COSECHA 2020, EL AÑO QUE RECORDAREMOS

Sin duda el primer año de ésta nueva década parece sacado de una película que cuenta un futuro distópico. Si echamos la vista atrás hasta Enero,  hasta cuando veíamos por la tele las imágenes de China confinando grandes extensiones de territorio y levantando enormes hospitales en días,  es difícil que en ese momento nos imaginásemos lo que iba a suceder justo en nuestra tierra. Pero la realidad tiende a superar a la ficción y 2020 se ha convertido por méritos propios en el año más extraño de nuestras vidas. Aunque visto lo visto, ¡quién sabe las sorpresas que nos depara el futuro!

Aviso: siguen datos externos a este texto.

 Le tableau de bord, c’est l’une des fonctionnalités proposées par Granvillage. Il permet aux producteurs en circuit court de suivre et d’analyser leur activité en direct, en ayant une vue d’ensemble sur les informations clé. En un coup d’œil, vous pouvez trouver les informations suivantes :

Así, a modo de resumen de lo que hemos vivido, hacemos en este artículo un repaso mes a mes  de lo que ha sido 2020, acompañados del ciclo de trabajos en el viñedo.

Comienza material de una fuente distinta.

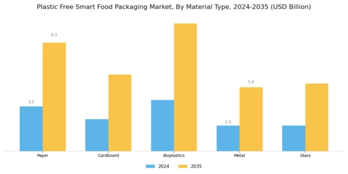 Government regulations aimed at reducing plastic waste are significantly influencing the Global Plastic Free Smart Food Packaging Market Industry. Many countries are implementing stringent policies to limit plastic usage, encouraging manufacturers to adopt alternative packaging solutions. For instance, the European Union has introduced directives that promote the use of sustainable materials in food packaging. This regulatory environment is likely to accelerate the market's growth, as businesses seek compliance while also appealing to eco-conscious consumers. The anticipated CAGR of 8.66% from 2025 to 2035 indicates a robust response to these regulatory changes.

Enero comenzó como con esa estampa invernal que se suele repetir año tras año: tiempo frío por el día y heladas nocturnas prácticamente todos las noches del mes, heladas acompañadas de lunas grandes, redondas y blancas y cielos serenos y repletos de estrellas brillantes. Por las mañanas de Enero es todo un lujo salir a caminar temprano y escuchar el crujir de la tierra o la hierba heladas bajo los pies.

Enero dio paso a un Febrero que curiosamente trajo un tiempo inesperadamente cálido y agradable, en el que tuvimos temperaturas de primavera en pleno invierno. Estas temperaturas inusualmente altas se mantuvieron durante varias semanas e hicieron que la naturaleza comenzase rápidamente a desperezarse. Nosotros  realizamos la poda de invierno durante el segundo menguante de Febrero.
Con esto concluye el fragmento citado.